#### Recorded information:
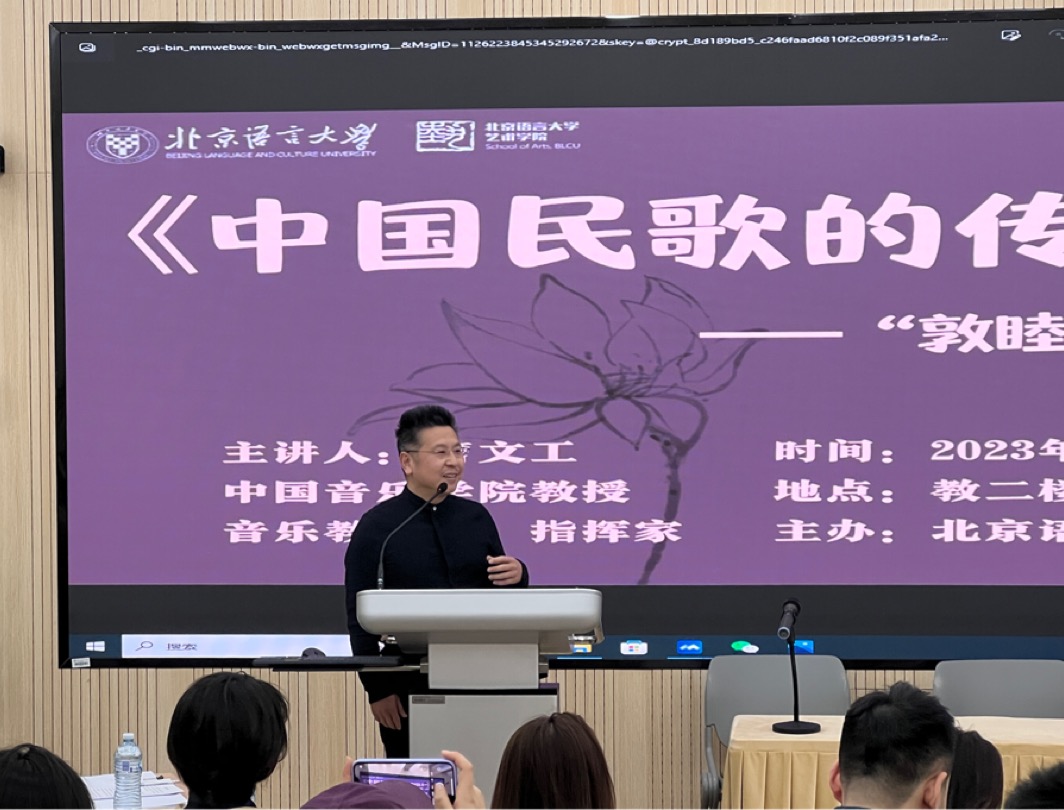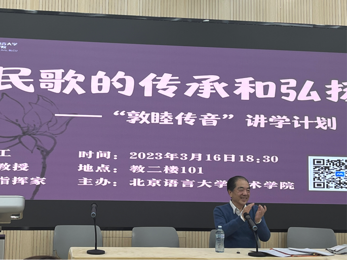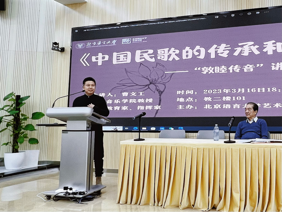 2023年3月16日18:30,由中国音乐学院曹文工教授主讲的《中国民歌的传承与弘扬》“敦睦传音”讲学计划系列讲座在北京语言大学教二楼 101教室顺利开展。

--

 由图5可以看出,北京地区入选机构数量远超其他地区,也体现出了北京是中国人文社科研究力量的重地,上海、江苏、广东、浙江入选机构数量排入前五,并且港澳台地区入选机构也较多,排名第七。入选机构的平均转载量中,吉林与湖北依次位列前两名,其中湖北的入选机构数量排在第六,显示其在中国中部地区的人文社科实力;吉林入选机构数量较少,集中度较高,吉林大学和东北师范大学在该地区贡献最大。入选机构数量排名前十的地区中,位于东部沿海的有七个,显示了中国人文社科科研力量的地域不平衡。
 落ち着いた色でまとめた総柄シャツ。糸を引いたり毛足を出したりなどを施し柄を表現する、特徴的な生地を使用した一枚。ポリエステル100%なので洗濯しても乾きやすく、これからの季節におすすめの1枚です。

#### Problem:
Where the line holding "由图5可以看出,北京地区入选" appears in the listing above, start reproducing exactly, and end with the line holding "落ち着いた色でまとめた総柄シ".

#### Response area:
 由图5可以看出,北京地区入选机构数量远超其他地区,也体现出了北京是中国人文社科研究力量的重地,上海、江苏、广东、浙江入选机构数量排入前五,并且港澳台地区入选机构也较多,排名第七。入选机构的平均转载量中,吉林与湖北依次位列前两名,其中湖北的入选机构数量排在第六,显示其在中国中部地区的人文社科实力;吉林入选机构数量较少,集中度较高,吉林大学和东北师范大学在该地区贡献最大。入选机构数量排名前十的地区中,位于东部沿海的有七个,显示了中国人文社科科研力量的地域不平衡。
 落ち着いた色でまとめた総柄シャツ。糸を引いたり毛足を出したりなどを施し柄を表現する、特徴的な生地を使用した一枚。ポリエステル100%なので洗濯しても乾きやすく、これからの季節におすすめの1枚です。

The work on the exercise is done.